Pictures stay out of the answer, but every line of the material must be restated exactly.
===== Provided data
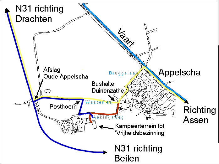 Met de auto (de donkerblauwe route): op de N31 (Drachten - Beilen) neem je afslag Oud-Appelscha;
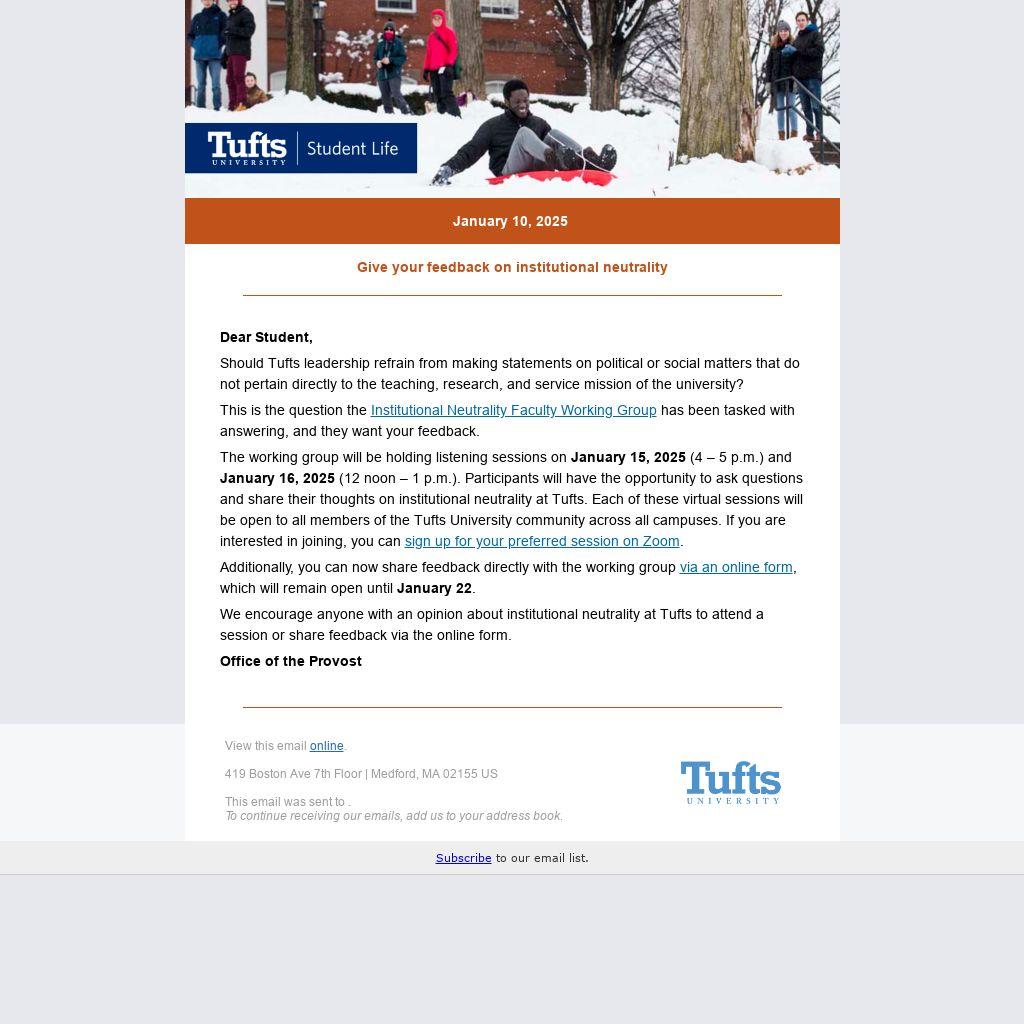 The working group will be holding listening sessions on January 15, 2025 (4 – 5 p.m.) and January 16, 2025 (12 noon – 1 p.m.). Participants will have the opportunity to ask questions and share their thoughts on institutional neutrality at Tufts. Each of these virtual sessions will be open to all members of the Tufts University community across all campuses. If you are interested in joining, you can sign up for your preferred session on Zoom.
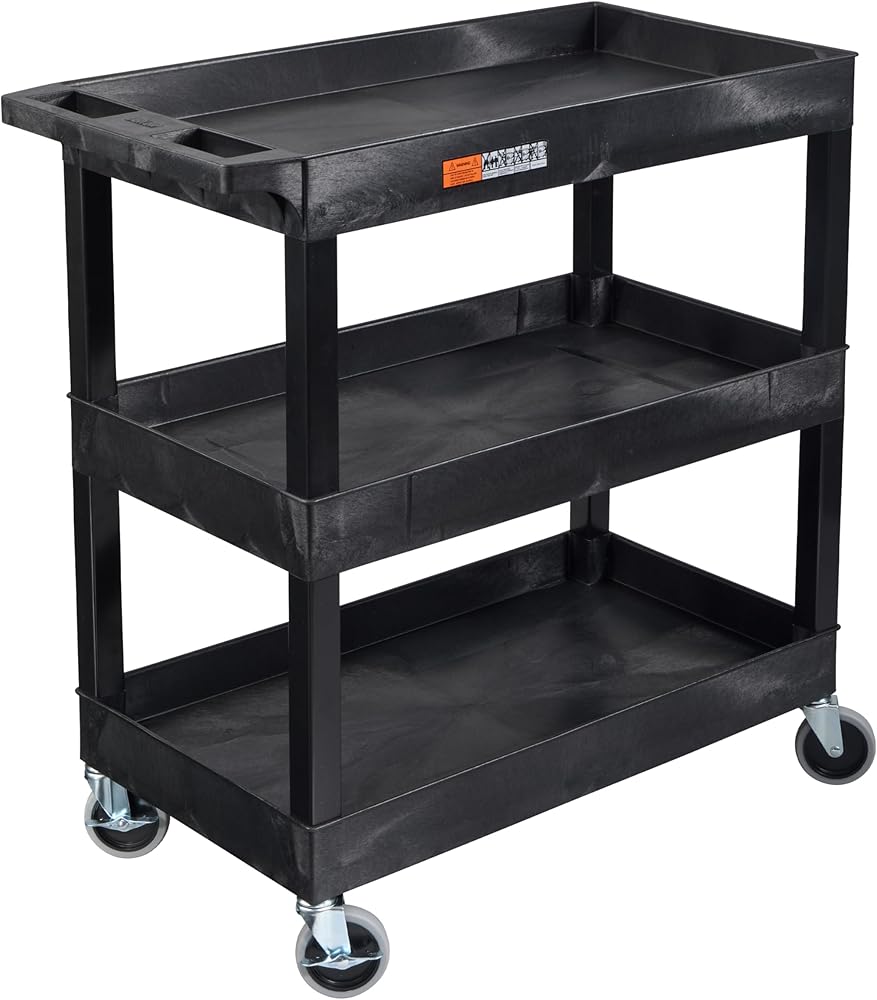 Tubstr 3-Tier Rolling Utility Cart with Wheels | Supports 300 lbs. Total | Heavy-Duty Capacity for Garage Storage, Office Spaces, & Kitchen Use | Durable Tool Cart with Locking Wheels (Black, 32 x 18)
==========
__Exercise response__:
 Met de auto (de donkerblauwe route): op de N31 (Drachten - Beilen) neem je afslag Oud-Appelscha;
 The working group will be holding listening sessions on January 15, 2025 (4 – 5 p.m.) and January 16, 2025 (12 noon – 1 p.m.). Participants will have the opportunity to ask questions and share their thoughts on institutional neutrality at Tufts. Each of these virtual sessions will be open to all members of the Tufts University community across all campuses. If you are interested in joining, you can sign up for your preferred session on Zoom.
 Tubstr 3-Tier Rolling Utility Cart with Wheels | Supports 300 lbs. Total | Heavy-Duty Capacity for Garage Storage, Office Spaces, & Kitchen Use | Durable Tool Cart with Locking Wheels (Black, 32 x 18)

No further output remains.